What is the nature of reality regarded as a universal truth taught by the Buddha?


The nature of reality is that all things will pass away.
In the teachings of the Buddha, clinging and craving create the pain that fills human life because all things pass away (in some form) and humans (due to their attachment to things) cannot understand, cope with or bear the loss.
Loss is frightening, disturbing, upsetting and often devastating to such an extent that the human mind will focus on what is absent and will not be able to refocus on what is still present.
People pursue states of fulfillment according to their own attachment to their own ideas of what is satisfying.
It is like this:
First you see something you cannot live without. Something that may be animate or inanimate, living or material based.
You begin to pursue this thing first in your thoughts. “I must have this.”
Then you plan how to get it and begin your physical pursuit to obtain it.
Once you have your perceived “treasure” you are elated for a time as you experience its presence in your life.
Then something occurs which causes the loss of the “treasure” and you fall from elation. You are shattered, lost, confused, upset, grief stricken and often paranoid.
You are driven by these emotions and seek to understand why you had to lose your treasure and how you can replace it, or fill the void that is now present because your attachment is still there, but there is no manifestation of what you once were attached to.
People seek therapy for this. They over eat, they drink, they take drugs.
It is all their own attachment that is driving them to despair, but they do not see this. They see instead that something is absent in their lives. It is the thing that they attached elation to.

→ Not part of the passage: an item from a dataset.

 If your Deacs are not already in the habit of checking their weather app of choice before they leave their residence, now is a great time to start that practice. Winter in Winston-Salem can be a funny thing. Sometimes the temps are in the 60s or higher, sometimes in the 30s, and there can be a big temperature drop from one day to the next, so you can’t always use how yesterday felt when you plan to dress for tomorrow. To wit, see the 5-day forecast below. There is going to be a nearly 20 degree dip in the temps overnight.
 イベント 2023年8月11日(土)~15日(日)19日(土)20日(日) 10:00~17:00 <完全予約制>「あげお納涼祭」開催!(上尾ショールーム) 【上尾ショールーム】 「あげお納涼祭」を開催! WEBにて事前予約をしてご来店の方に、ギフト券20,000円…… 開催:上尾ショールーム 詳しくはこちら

By attaching happiness to a thing that can be lost, when loss occurs, the owner of the attached cord, is left with nothing at the end of their leash. (Literally)

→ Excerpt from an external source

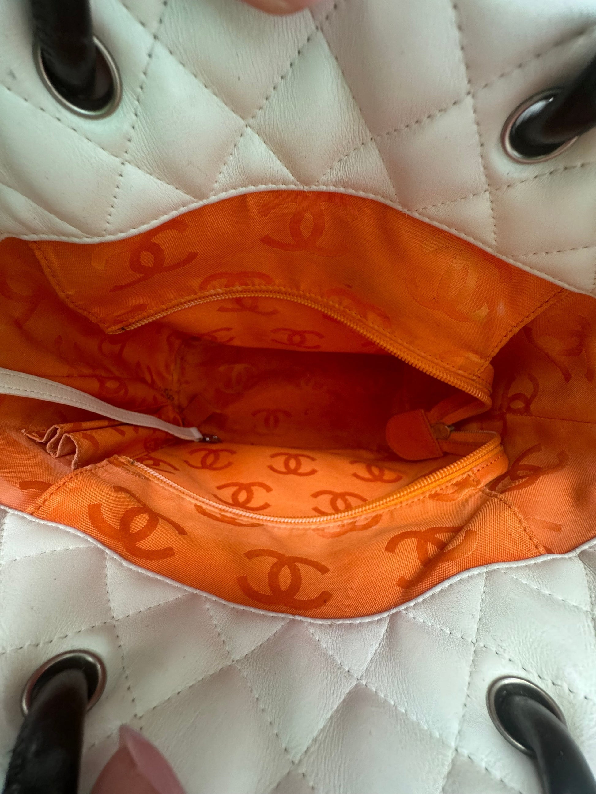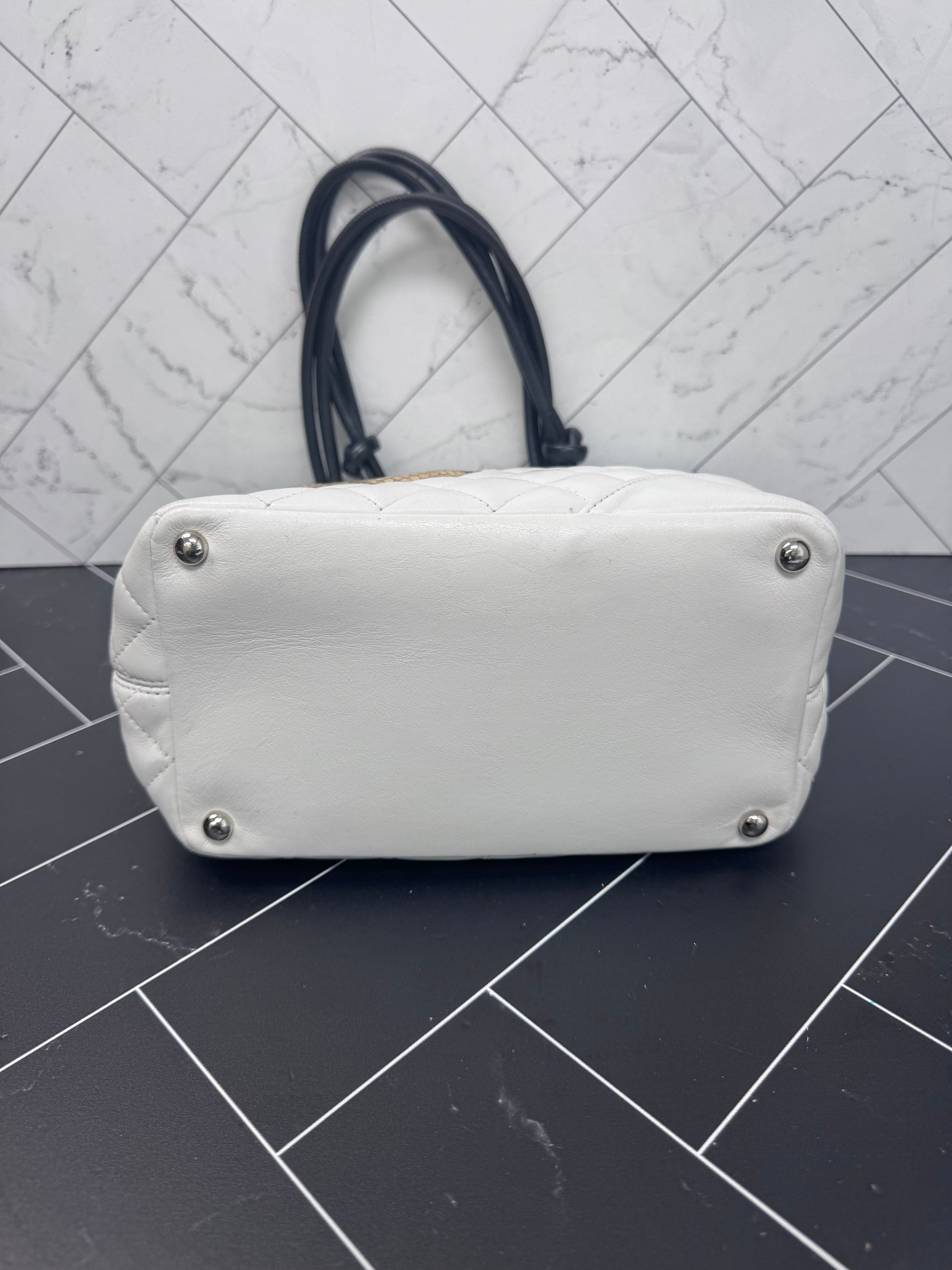 Chanel White Quilted Lambskin Python Medium Cambon Bucket Tote

In order to overcome the destabilization of the mind that is under attachment thinking, Buddha created the Four Noble Truths
1.       Life means suffering
2.       The origin of suffering is attachment
3.       The cessation of suffering is attainable (Release attachments)
4.       The path to the cessation of suffering (Live without craving or clinging by observing mindful practices where the thoughts of craving and clinging are observed as they start to appear and you, as the observer, let them pass peacefully. You do not place any importance on them and you are not carried away by the wave they carry; the wave of clinging or the wave of craving.)